La existencia es tan enigmática como sencilla: comprender esa sencillez ya es un misterio en sí mismo y en ese esfuerzo se empeñan a lo largo de su vida muchas personas. Una de las fronteras más reacias a ser traspasadas es la del cerebro; aún no sabemos con certeza en qué medida y cómo interactúan sus estructuras con los acontecimientos, si los recuerdos son inventos consoladores, lacerantes o en cambio son fotografías de lo que en realidad pasó. Se dice que cada estructura cerebral es única y viene a ser el equivalente a un universo, con miles de millones de neuronas que se conectan o relacionan con base en unos principios o en un caos que todavía se resiste a ser descifrado; en definitiva, pensamos con algo que no sabemos cómo piensa: tan enigmático como sencillo.

Al trabajar como monitor de talleres de escritura, tengo la suerte de conocer, conversar y debatir con mujeres y hombres que se interesan por muchas cuestiones y se abren al disenso, a la polémica: a que aprendamos y enseñemos al mismo tiempo.
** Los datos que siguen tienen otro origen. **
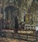 Dipinto olio su tela, periodo XIX secolo scuola Italiana, raffigurante Interno di chiesa. Dimensioni compreso cornice: 73x88 cm. Dimensioni interno cornice: 64x76 cm. Da artista anonimo. Opera in buone condizioni. Da segnalare due piccoli punti di restauro. (Probabile attribuzione a Domenico Battaglia).

En los talleres se descubre que la edad, el estatus socioeconómico o la profesión son notas a pie de página de lo que en realidad es una persona, algo mucho más complejo y a la vez más simple. Porque las circunstancias pueden llevarte a tener mucho o poco dinero, a trabajar de esto o de lo otro, pero el motor primordial, esto es, las ansias de saber, la curiosidad por investigar y el afán por compartir es una característica que traspasa géneros y etiquetas. Y como en el amor, quien lo ha vivido lo sabe: hay pocas cosas más enriquecedoras que un puñado de mentes divagando en una habitación.
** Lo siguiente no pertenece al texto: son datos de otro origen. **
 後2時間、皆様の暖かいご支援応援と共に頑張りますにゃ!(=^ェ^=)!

En estos grupos, uno encuentra a personas que se dedican a la mente. Es bastante habitual que en mis talleres cuente con profesionales de la psicología y la psiquiatría, que suelen ser de gusto inquieto y aficiones creativas. Entre estas personas, el curso pasado estuvo Adriana Oris. Se apuntó por insistencia de su amigo Juan Carlos y vino casi al final del curso, y aun a veces faltaba por motivos de salud. De trato exquisito a la par que exigente, en más de una ocasión me examinó e intentó pillarme (tanto Juan Carlos como José recordarán el envite al respecto de Henri Bergson) y se mostraba de un modo casi constante irónica, cáustica, dogmática. Ella entendía y referenciaba todo en torno al psicoanálisis, del que había sido una excelente profesional y era una gran conocedora. Escucharla era abrir varios libros a un tiempo y empaparte de una visión diáfana de cómo funciona nuestra mente, de los mecanismos y esquemas que nos hacen actuar, pensar y sentir. Podías estar más o menos de acuerdo con ella, pero el rigor expositivo, las fuentes de las que se nutría y la buena argumentación siempre la acompañaban. Sus análisis de los textos de los compañeros aportaban una perspectiva interesante, y no solo eso; sus escritos eran imaginativos, de una estructura coherente y sorprendente, con un subtexto riquísimo y una trama bien urdida.

No tuve la oportunidad de conocerla mucho. Era una mujer cultísima (ya en su adolescencia se había leído la obra de Proust) y había pasado su vida en un mundo que poco a poco está dejando de existir, donde ser mujer era un obstáculo para ser tenida en cuenta y en el que muchas veces tuvo que afinar la puntería para que le reconocieran su valía. Fue de las pioneras en poner en marcha el sistema actual de salud mental en Málaga, e imaginaos siquiera por unos momentos la tarea que tuvo que resultar hace unas décadas acometer esa labor. Seguramente su nombre estará ligado a multitud de libros, ensayos y tesis y a muchas personas les habrá transmitido sus conocimientos y a otras su amistad. En definitiva, una persona que se dedicó con todas sus fuerzas a escudriñar la mente humana, a arrancarle secretos a esa galaxia portátil e infinita que llevamos sobre los hombros.

Fue hace unos días que Adriana Oris falleció: sirvan estas líneas de reconocimiento a una mujer sabia y luchadora: es decir, a una persona imprescindible.